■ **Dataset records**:
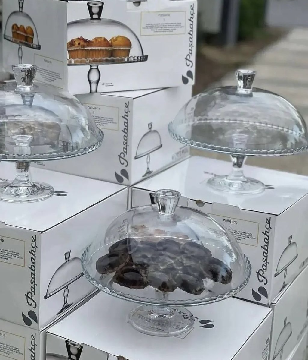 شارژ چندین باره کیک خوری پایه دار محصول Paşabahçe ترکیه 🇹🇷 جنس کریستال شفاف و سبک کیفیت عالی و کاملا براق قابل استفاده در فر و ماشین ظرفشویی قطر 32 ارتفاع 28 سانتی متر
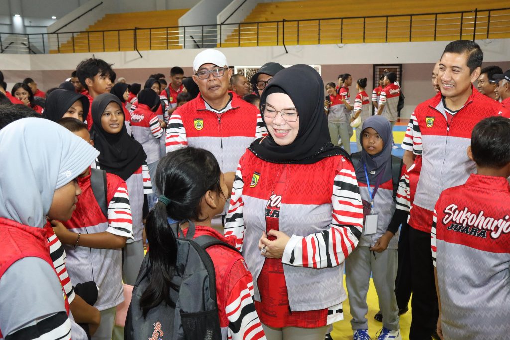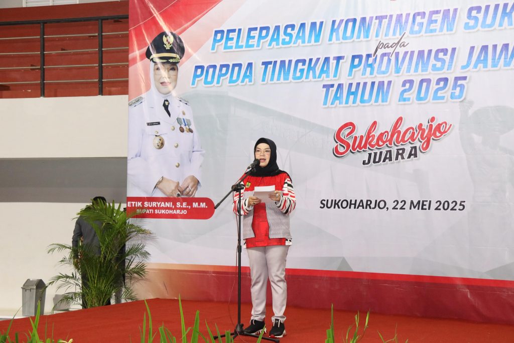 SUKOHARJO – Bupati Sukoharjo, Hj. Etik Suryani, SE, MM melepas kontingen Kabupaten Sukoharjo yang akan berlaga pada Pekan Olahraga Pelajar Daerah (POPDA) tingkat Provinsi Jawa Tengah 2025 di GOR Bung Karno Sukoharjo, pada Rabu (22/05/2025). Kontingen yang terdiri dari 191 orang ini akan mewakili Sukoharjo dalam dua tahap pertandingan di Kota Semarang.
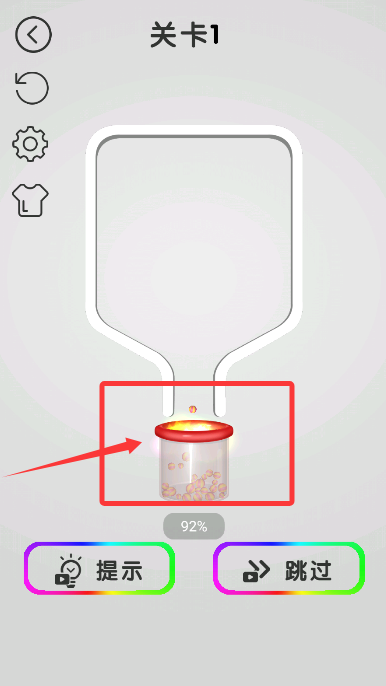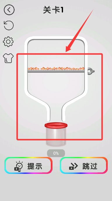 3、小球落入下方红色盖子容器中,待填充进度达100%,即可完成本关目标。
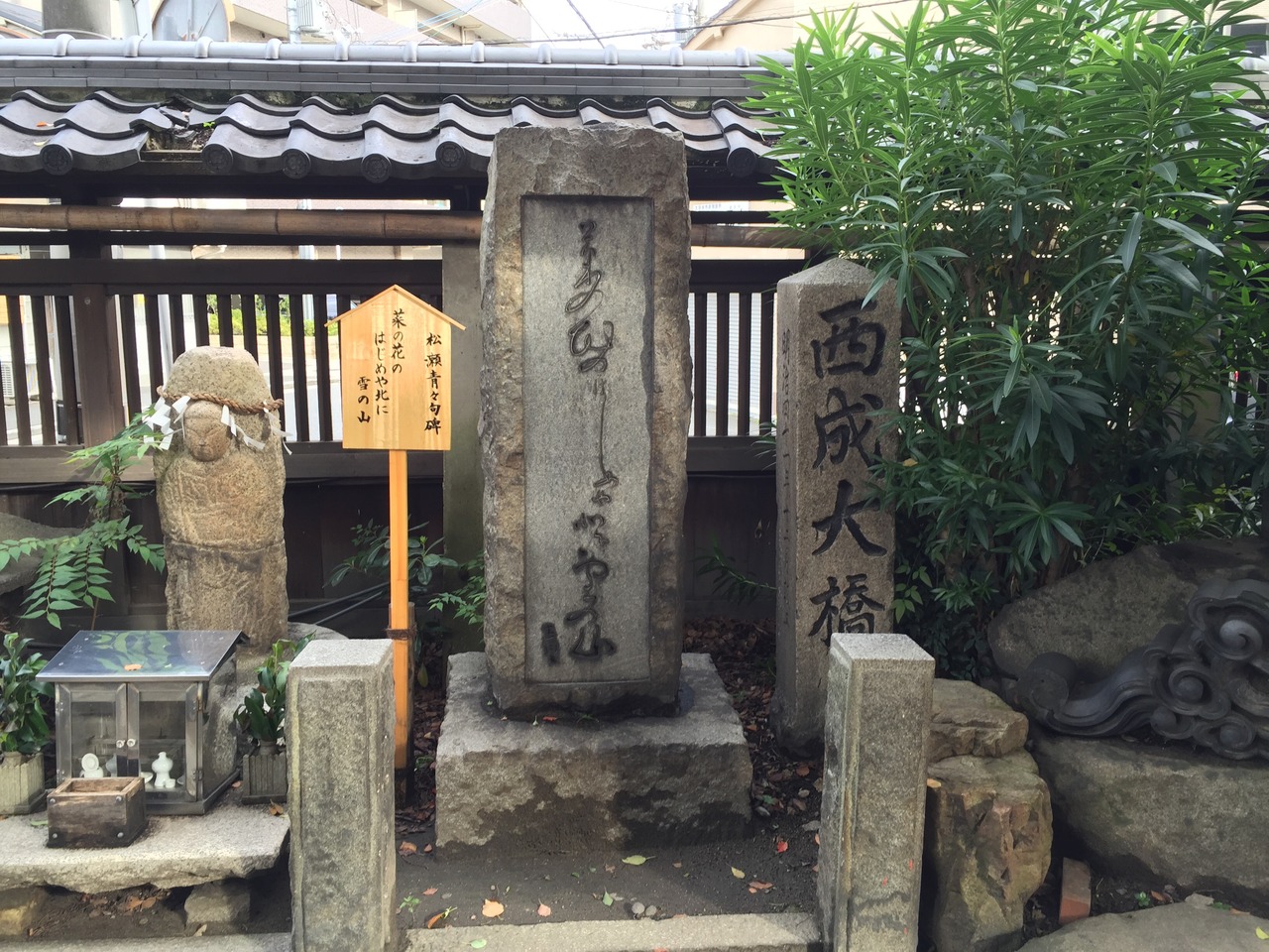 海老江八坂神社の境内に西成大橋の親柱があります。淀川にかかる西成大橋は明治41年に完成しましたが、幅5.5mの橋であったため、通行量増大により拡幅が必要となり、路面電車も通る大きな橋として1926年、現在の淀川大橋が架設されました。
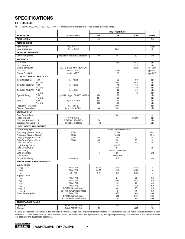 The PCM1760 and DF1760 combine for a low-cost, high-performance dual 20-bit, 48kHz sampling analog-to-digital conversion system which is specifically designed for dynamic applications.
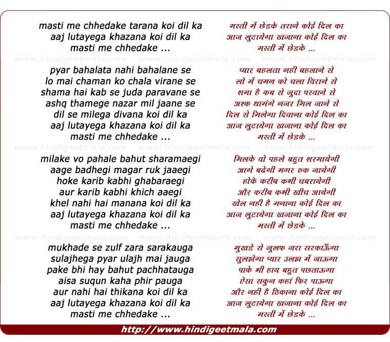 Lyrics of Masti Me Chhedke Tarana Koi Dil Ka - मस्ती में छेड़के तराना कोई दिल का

■ **EXERCISE DESCRIPTION**: From the line containing "3、小球落入下方红色盖子容器中,待填充进度达100%,即可完成本关目标。" through the last line of the entries, copy each line exactly and only those, skipping all pictures.

■ **YOUR SOLUTION**:
 3、小球落入下方红色盖子容器中,待填充进度达100%,即可完成本关目标。
 海老江八坂神社の境内に西成大橋の親柱があります。淀川にかかる西成大橋は明治41年に完成しましたが、幅5.5mの橋であったため、通行量増大により拡幅が必要となり、路面電車も通る大きな橋として1926年、現在の淀川大橋が架設されました。
 The PCM1760 and DF1760 combine for a low-cost, high-performance dual 20-bit, 48kHz sampling analog-to-digital conversion system which is specifically designed for dynamic applications.
 Lyrics of Masti Me Chhedke Tarana Koi Dil Ka - मस्ती में छेड़के तराना कोई दिल का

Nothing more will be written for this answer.